What we learned is we need to get the word out so this will have a grassroots effect. And it’s happening. More and more people are talking about it. People are excited saying, “I can make music with my neighbors.” Or my favorite is a lady in Cleveland last year that just opened up her porch for people on her street. So she had five or six people playing music all night. That’s what I’m really envisioning happening all over the city. Maybe not this year, but in three or four years I just want it to be a standing thing. Nobody has to promote Halloween.
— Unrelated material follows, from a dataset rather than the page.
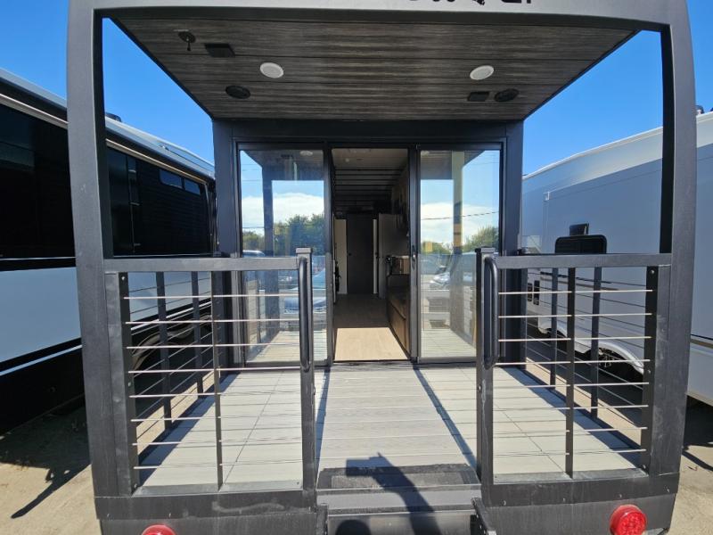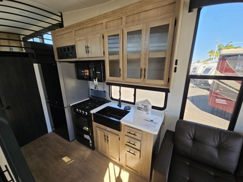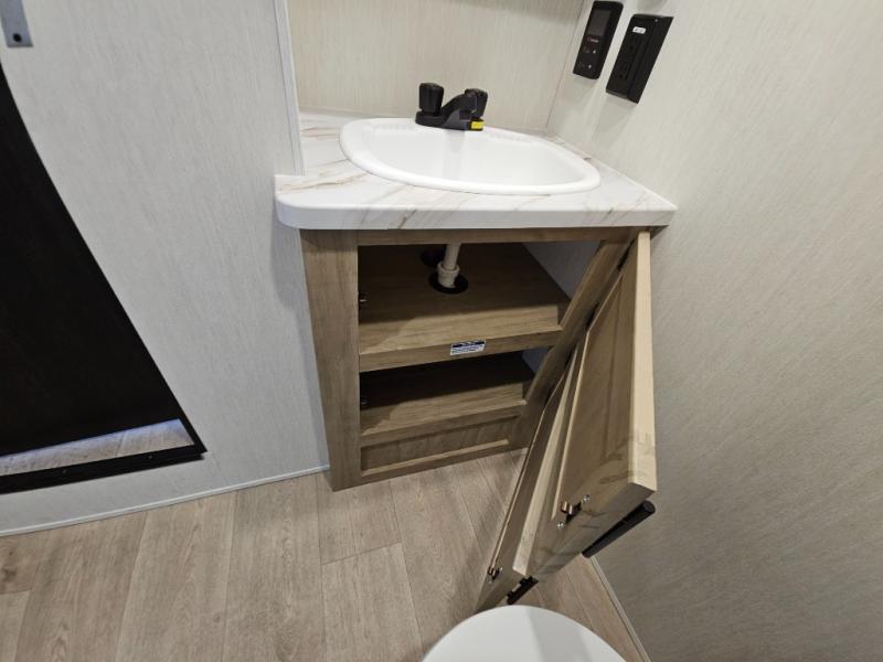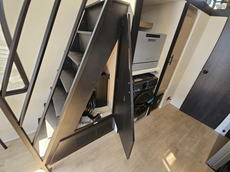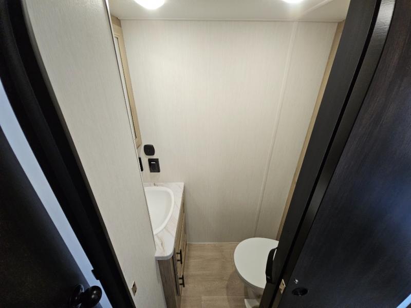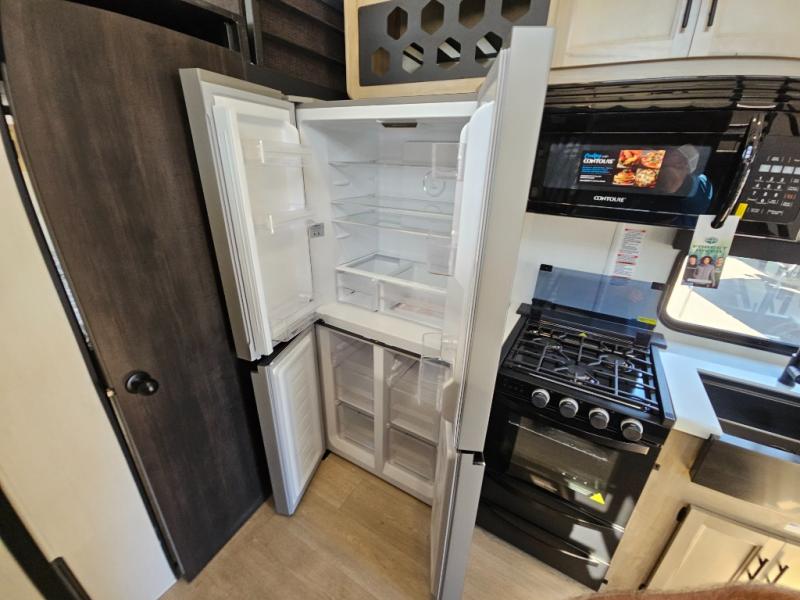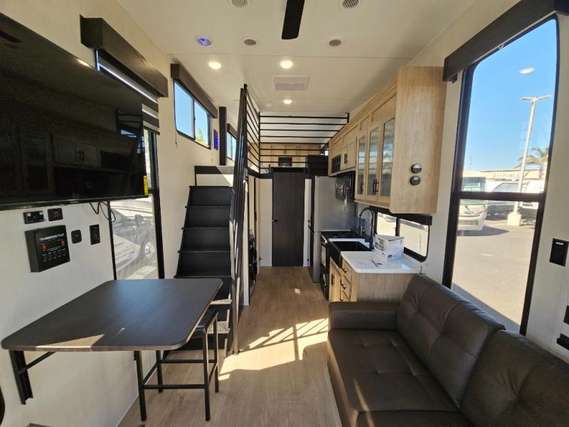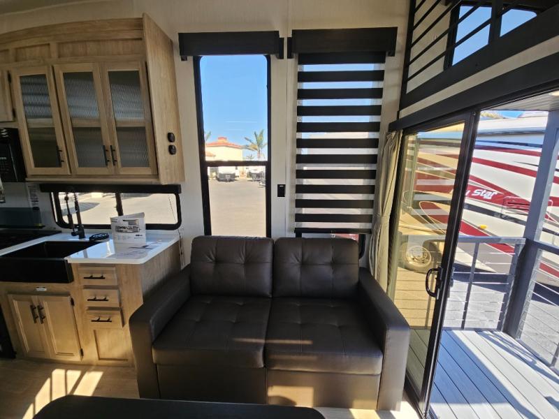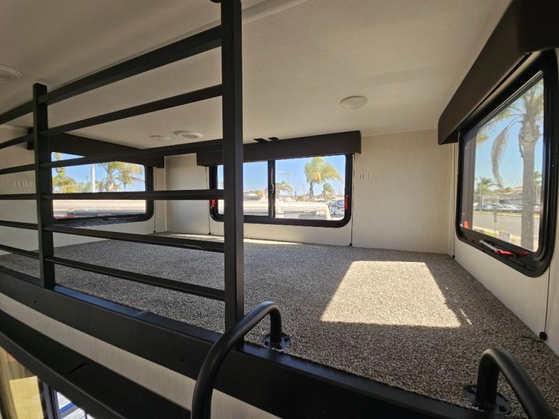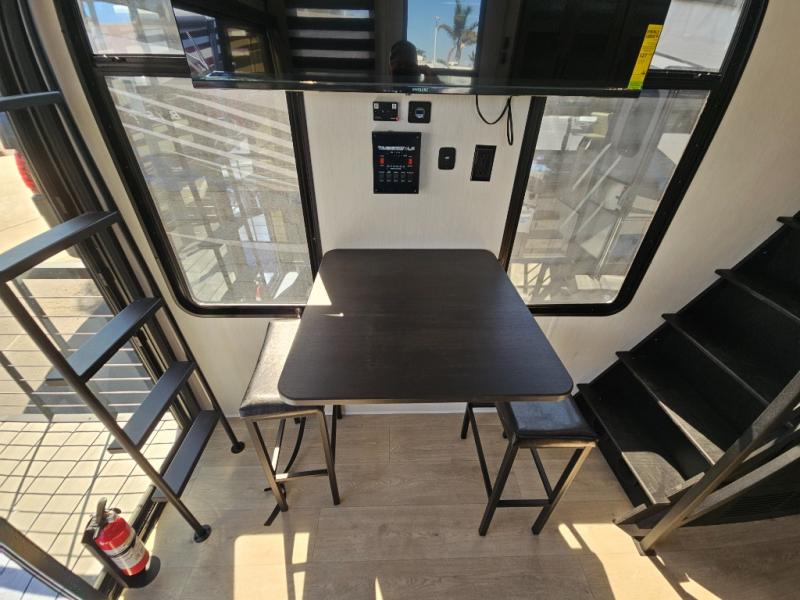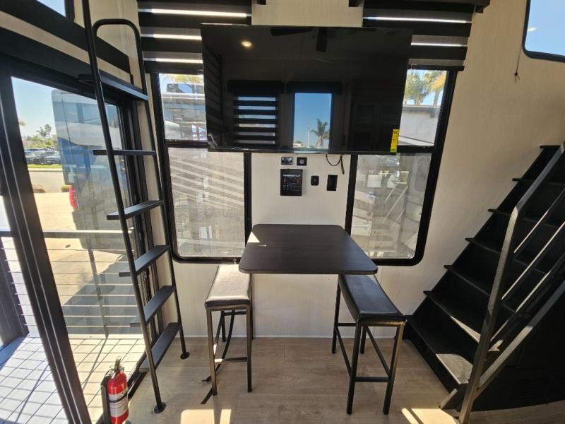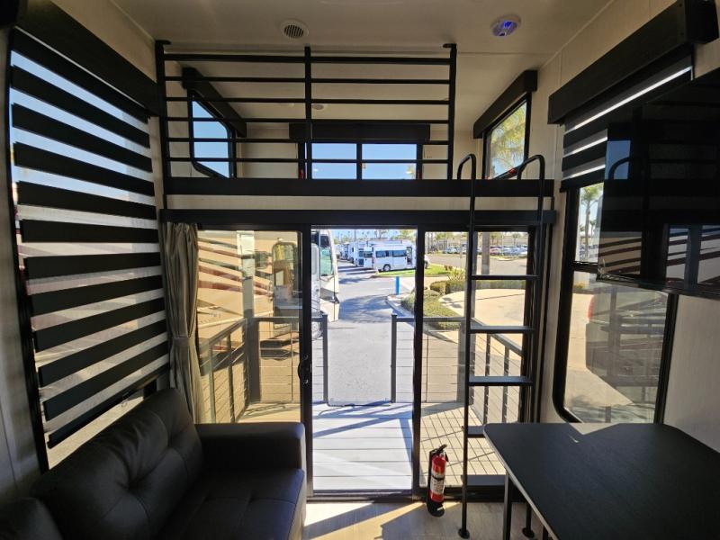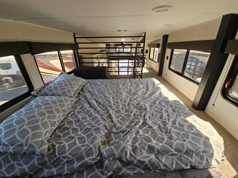 This model is similar to 16ML but larger! A bigger bathroom, RV king bed in the lower master, and a queen bed plus a twin bunk mat in the front loft. And the second loft can be utilized as extra sleeping space or storage space! There is an 18 cu. ft. refrigerator so you can stock up for a week long vacation, a hide-a-bed sofa that can transform into added sleeping for guests, and a high top table with two stools to dine at. The bathroom below is split with a shower on one side, and a private toilet area and sink opposite. And the view is amazing from just about anywhere inside.
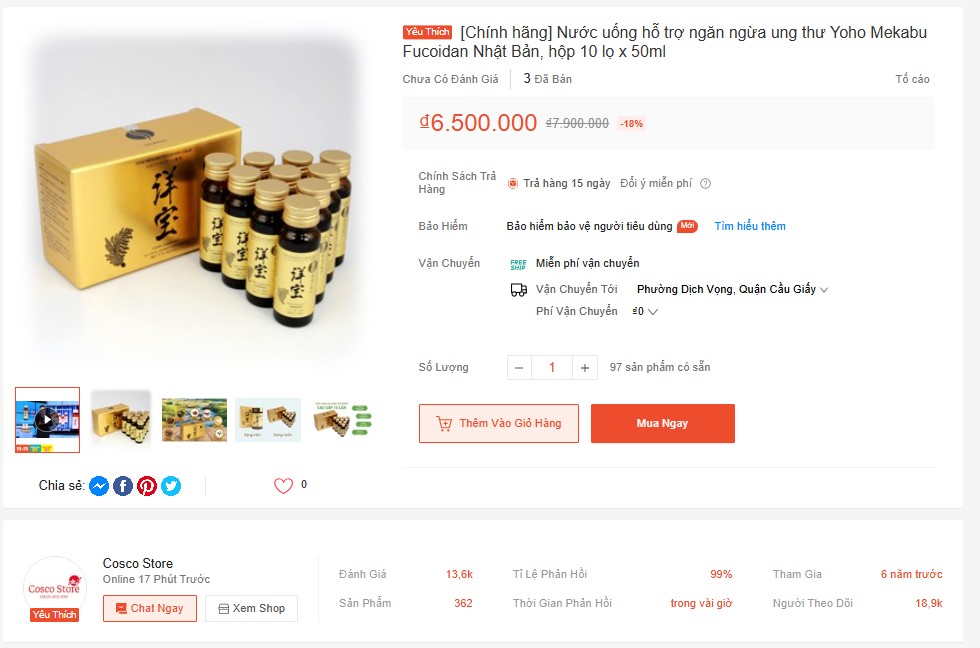 | Nước uống hỗ trợ ngăn ngừa ung thư Yoho Mekabu Fucoidan Nhật Bản hộp 10 lọ x 50ml được rao bán với mức giá tới 6.500.000 đồng. Ảnh chụp màn hình ngày 1/11 |

That’s what this should be like.

It sounds as though Make Music Cleveland is a unique event that when it’s fully reaching into the community you may not truly know the number of related live music events or pop-up concerts taking place in Northeast Ohio.

The only reason it’s important to capture what happens with this is to motivate and stimulate people for next year to share their music. It’s nice if you can capture it and send pictures or post on social media to let everybody know. I think that everybody has an instinct to appreciate this or enjoy this in some way. It’s just getting people to action. There are ten times more stuff happening that people won’t even bother to tell folks about. They’ll just do it.

At the very least, it seems as though the goal behind Make Music Cleveland is really just to add smiles to Northeast Ohio.

Absolutely, I always say music should be the best part of your life as it possibly can. So this is hopefully making them smile and giving them unexpected beauty for their day. I think in this day of narrowcasting where we can only listen to our type of music, hopefully people will hear other kinds of music that they will enjoy. Say a dulcimer player performing on a street corner. The other thing is to just bring different kinds of people together. Music breaks down the barriers we put between ourselves and in today’s society.